Exercise brief: Print only the lines below, from the very first to the one containing "instead of c-mart, i", exactly as they stand. Do not print pictures.
· · · · ·
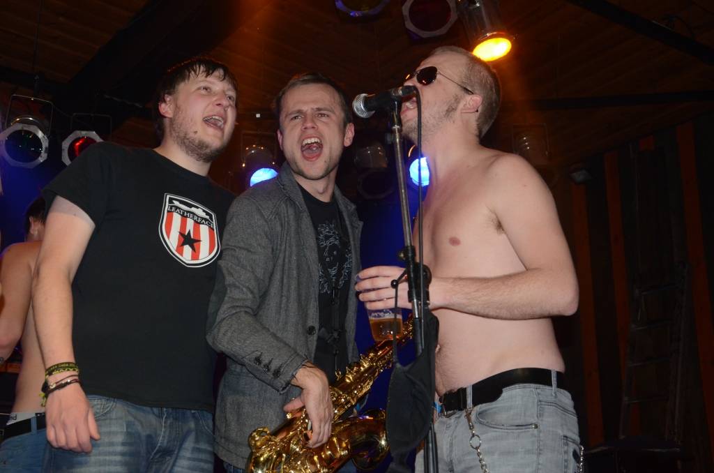 PAPILDINĀTS AR VIDEO. Pirms Ziemassvētkiem Liepājas klubā "Fontaine Palace" izskanēja tradicionālais Ziemassvētku jampadracis, kurā spēlēja pankroka grupas "PND" un "All Day Long".
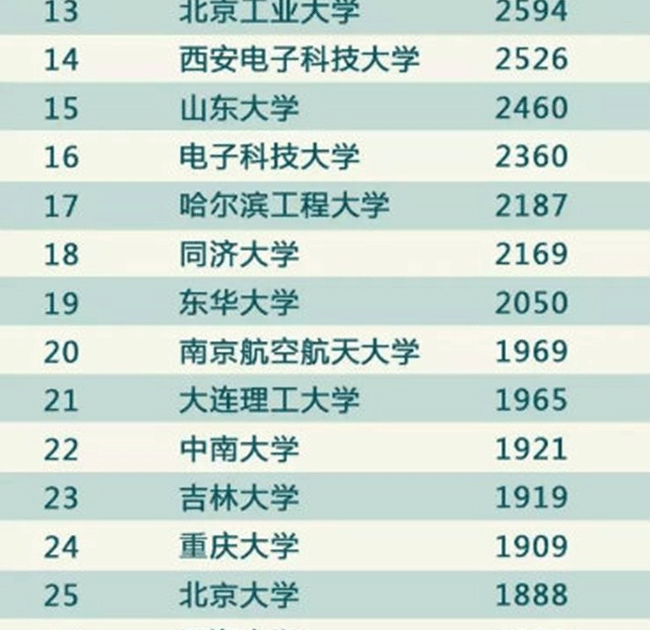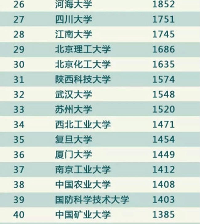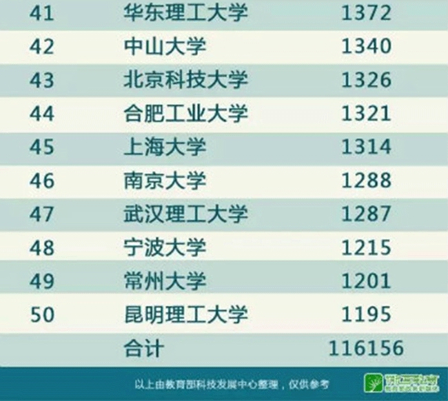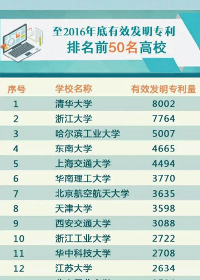 据教育部官方微博“微言教育”消息,教育部科技发展中心近日公布《至2016年底有效发明专利排名前50名高校》,前5名的高校分别为:清华大学8002件、浙江大学7764件、哈尔滨工业大学5007件、东南大学4665件、上海交通大学4494件。
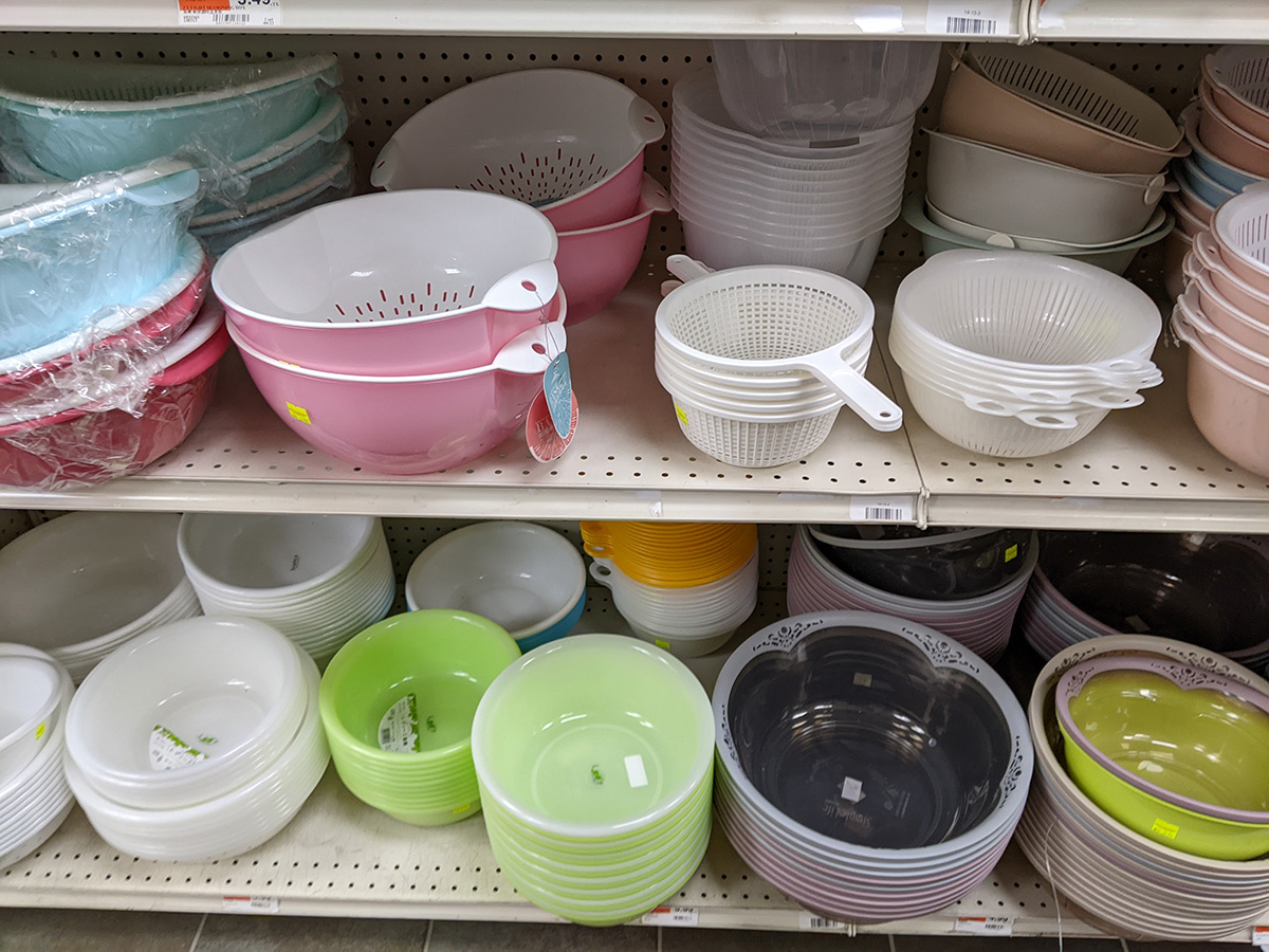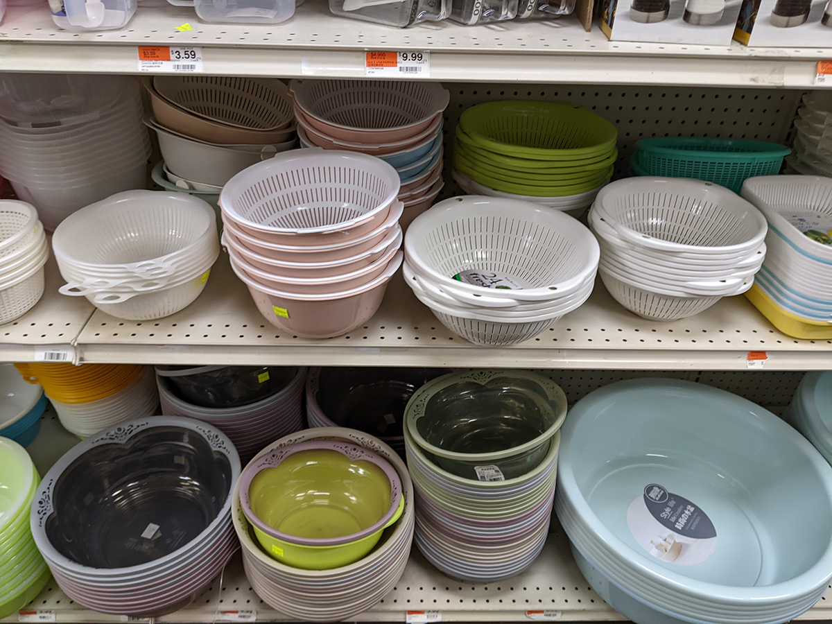 instead of c-mart, i went to ming's market instead. it was the most crowd i've seen it in a while. ming was in a bit of a funk during the height of the pandemic, and both my father and i thought it might go under, but it seemed to have weathered the storm, and business is picking back up again, especially now that its chinese customers are more willing to come out and go grocery shopping again. it was crowded because chinese new year is this weekend (technically monday is chinese new year's eve, but most chinese people will celebrate it this weekend for practicality). they sold daily tear-off chinese calendars for $2.99, so naturally i got one. i also looked for a good-sized plastic colander to continue my mung bean sprouting experiments. i ended up getting the biggest one i could find (japanese made no less, $3) with plenty of holes for the roots to grow out from. they also sold safety can openers, which i only just recently learned about - i was tempted to get one but resisted, i have too many kitchen gadgets as it is.
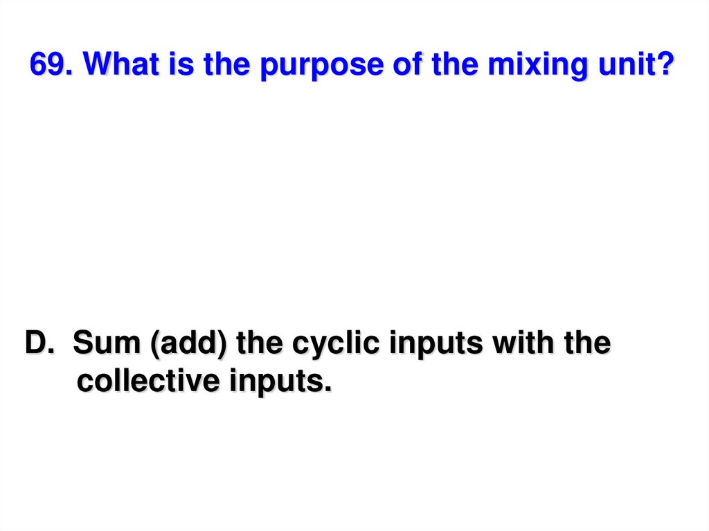 69. What is the purpose of the mixing unit?D. Sum (add) the cyclic inputs with the
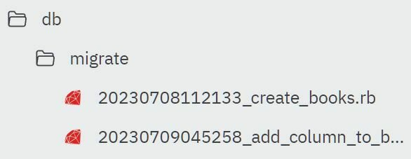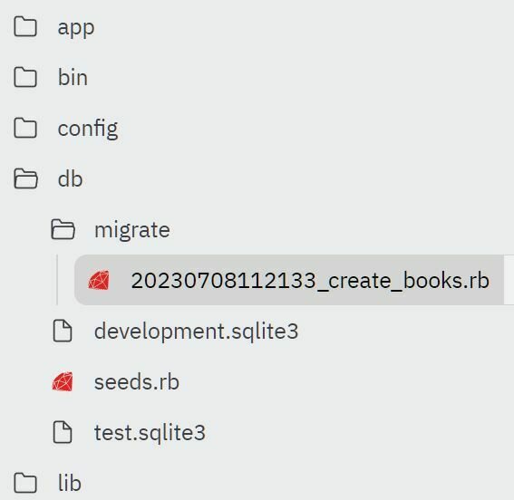 - そのdbフォルダの中に、migrate というフォルダがあり、その中に「日付のような数字_create_books.rb」というファイルがありますので、それをクリックしてください。(日付のような数字、の部分は作った日などによって異なります)
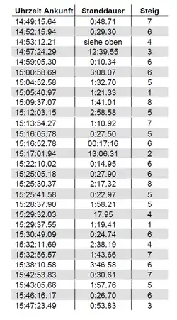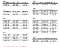 Am Landauer Busbahnhof wurden die Standzeiten der Busse gestoppt. Alle bis auf einen Busfahrer hatten in ihrer Standzeit den Motor an gelassen. Die Abbildungen stellen tabellarische Übersichten der gemessenen Daten mit unterschiedlicher Sortierung dar.
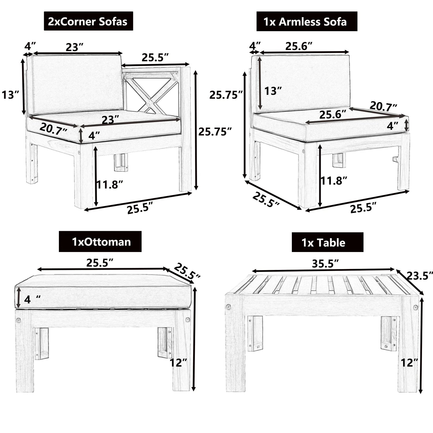 Overall Product Dimension | Corner Sofa:25.5x25.5x25.75inch(LXWXH); Armless Sofa: 25.5x25.5X25.75inch(LXWXH); Ottoman: 25.5x25.5x12inch(LXWXH,height with cushion); Tea Table: 35.5x 23.5x12inch(LXWXH) |
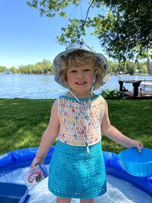 This sweet little dress was designed for my girl. I received a shipment of yarn from WeCrochet to use for my next design and was pleasantly surprised to find some Brava and new Brava Speckle in a variety of coordinating colours to try. My daughter was so excited about the bright and fun colourways, so I asked her what they should become. She decided they should be a dress and I don’t think she could be more right! This yarn is perfectly suited for kids’ garments - soft, washable, and durable. The design is simple and ready for play. Layering it up with tights or leggings, a t-shirt, or a denim jacket will carry us through from spring to fall. The worsted weight makes this a quick project that can be worked up again year after year, size after size, as your little one grows not-so-little. On the bodice, try adding an extra chain to the turning chain of each row for a slightly scalloped edge detail along the armholes.
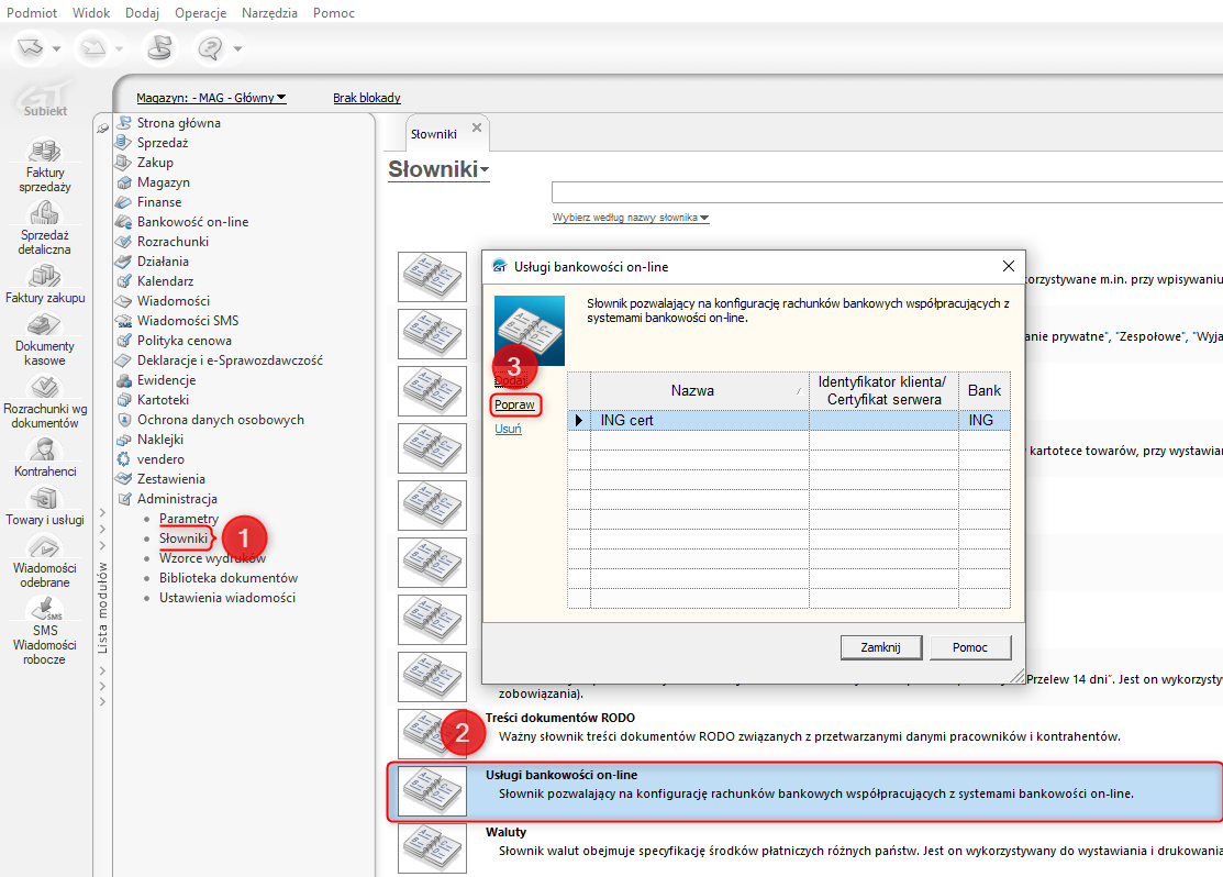 8. W programie linii GT przejść do modułu AdministracjaSłowniki –​ Usługi bankowości online i poprawić obecną konfigurację.
· · · · ·
Task response:
 PAPILDINĀTS AR VIDEO. Pirms Ziemassvētkiem Liepājas klubā "Fontaine Palace" izskanēja tradicionālais Ziemassvētku jampadracis, kurā spēlēja pankroka grupas "PND" un "All Day Long".
 据教育部官方微博“微言教育”消息,教育部科技发展中心近日公布《至2016年底有效发明专利排名前50名高校》,前5名的高校分别为:清华大学8002件、浙江大学7764件、哈尔滨工业大学5007件、东南大学4665件、上海交通大学4494件。
 instead of c-mart, i went to ming's market instead. it was the most crowd i've seen it in a while. ming was in a bit of a funk during the height of the pandemic, and both my father and i thought it might go under, but it seemed to have weathered the storm, and business is picking back up again, especially now that its chinese customers are more willing to come out and go grocery shopping again. it was crowded because chinese new year is this weekend (technically monday is chinese new year's eve, but most chinese people will celebrate it this weekend for practicality). they sold daily tear-off chinese calendars for $2.99, so naturally i got one. i also looked for a good-sized plastic colander to continue my mung bean sprouting experiments. i ended up getting the biggest one i could find (japanese made no less, $3) with plenty of holes for the roots to grow out from. they also sold safety can openers, which i only just recently learned about - i was tempted to get one but resisted, i have too many kitchen gadgets as it is.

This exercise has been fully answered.